Included at the facility will be a 3.32m tonne/year methanol plant, a 1.22m tonne/year methanol-to-olefins (MTO) unit, a 400,000 tonne/year monoethylene glycol (MEG) plant, a 210,000 tonne/year ethanolamines/ethylenediamines facility, a 340,000 tonne/year polyether polyols unit and a 150,000 tonne/year acrylic acid facility.

Also at Yulin will be a 200,000 tonne/year acrylic ester plant, a 200,000 tonne/year chlorinated methanes unit, a 510,000 tonne/year ethylene dichloride/vinyl chloride monomer (VCM) plant and a 500,000 tonne/year PVC plant. At the sidelines of January’s World Economic Forum (WEF), Liveris told reporters that China has created “amazing” new demand, and praised the government’s investment in infrastructure.

“We see China as a manufacturing economy that has entered the world stage,” he said. “It’s obviously geared towards exports, but increasingly to local consumption.”

Also attending the WEF meeting was the chairman of Shenhua, Zhang Xiwu, who added: “With rich energy and mineral resources and good infrastructure for coal, natural gas, oil and salt, Yulin is an important energy and chemicals base for China with huge growth potential.”

MEGA POTENTIAL
Meanwhile, Dow and Shenhua are conducting a feasibility study, and the approval process has begun. Neither company can discuss specifics of the deal yet, but Chris Chan, Dow’s public affairs director for Asia-Pacific manufacturing, engineering and megaprojects, says, “The Yulin Integrated Chemicals project will incorporate the latest in chemical process technology to ensure a sustainable, worldscale chemical production facility.”

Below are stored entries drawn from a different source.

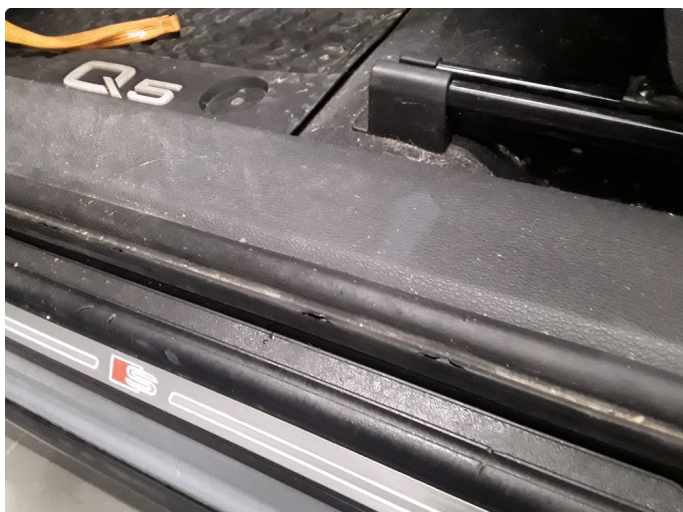
1.2 Litt slitt dørpakning i førerdøråpning. Normal bruksslitasje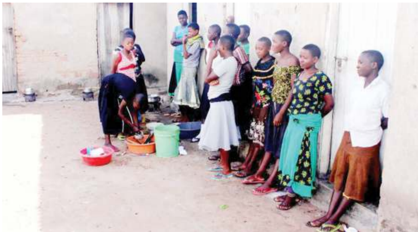
Baadhi ya wasichana wa Shule ya Sekondari Kachwamba wilayani Chato, wakiwa kwenye 'magero' yao.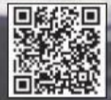
بانکد را اسکن کنید

Resource conservation is a key design principle, Chan adds, with plans to optimize use of natural resources, like coal, salt and water, and minimize the environmental footprint as well as reduce greenhouse gas emissions.

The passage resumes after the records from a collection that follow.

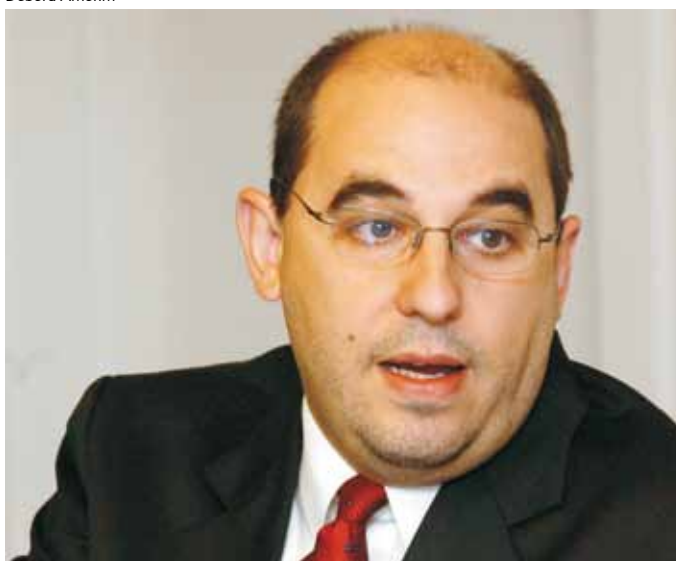
Munhoz: oportunidade de democratizar o conhecimento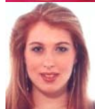
PRODUKTION Bc. Petra Blažková

Büro der Messeverwaltung: Mimoňská 645, Praha 9 – Prosek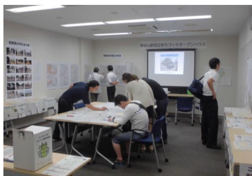
オープンハウスの様子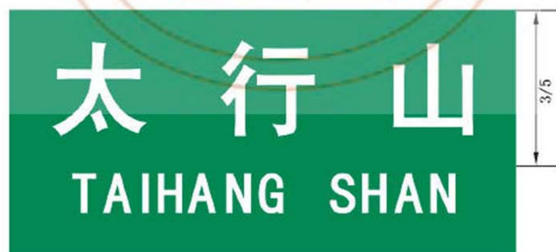
图 B.3 地形地名标志版面示例

While coal mining has become the bete noire of environmentalists in North America and Western Europe, most of China’s coal is deep underground, so extraction tends not to be as environmentally disruptive and attention-grabbing as the strip mining that is more common in Europe and the US.

“While China continues to advance its overall health, safety and environmental policies, implementation of improved policies [is] not likely to become an impediment to China’s long-term strategy of diversifying chemical feedstocks to this domestically abundant resource,” says Johnson.

These facilities are unique – the CTO plants in China will use technology that will be implemented at commercial scale for the first time, notes Johnson. “While the capital cost of these plants [is] relatively high, the operating costs will be very low, and the units will be very competitive with naphtha-based steam cracker complexes, as well as most imports of olefin derivatives,” says the analyst.

These CTO facilities will be integrated into coal at the mouth of the mines. This will, Johnson says, benefit from the continued energy spread between global oil prices and China coal prices. He adds that the most recent five-year energy spread between Dubai Crude and China coal gives China an average advantage of $7/MMBtu.

The Dow and Shenhua Yulin complex will not be the only project tackling CTO options. According to CMAI, there are several MTO/methanol-to-propylene (MTP) plants in the pipeline in China, with three major projects expected on stream in the first half of 2010, two of which are from Shenhua subsidiaries.

Baotou Shenhua will have capacities of 2m short tons/year of coal to MTO, 260,000 short tons/year of methanol-to-ethylene (MTE), and 260,000 short tons/year of MTP. Shenhua Ningmei will have capacities of 1.96m short tons/year of coal to MTP, and 260,000 tons/year of MTE.

Datang International Power is building an MTP plant, integrated back to coal producing 1.7m short tons/year of methanol to produce 500,000 short tons/year of propylene and production to PP.

But others are not so sanguine: A representative of US-based Eastman Chemical, which has been using coal gasification since 1983, says: “We believe MTO to be a viable technology choice for olefins production in some regions, particularly in China, but we do not see this technology having a major impact on other regions or on the global markets for olefin derivatives.”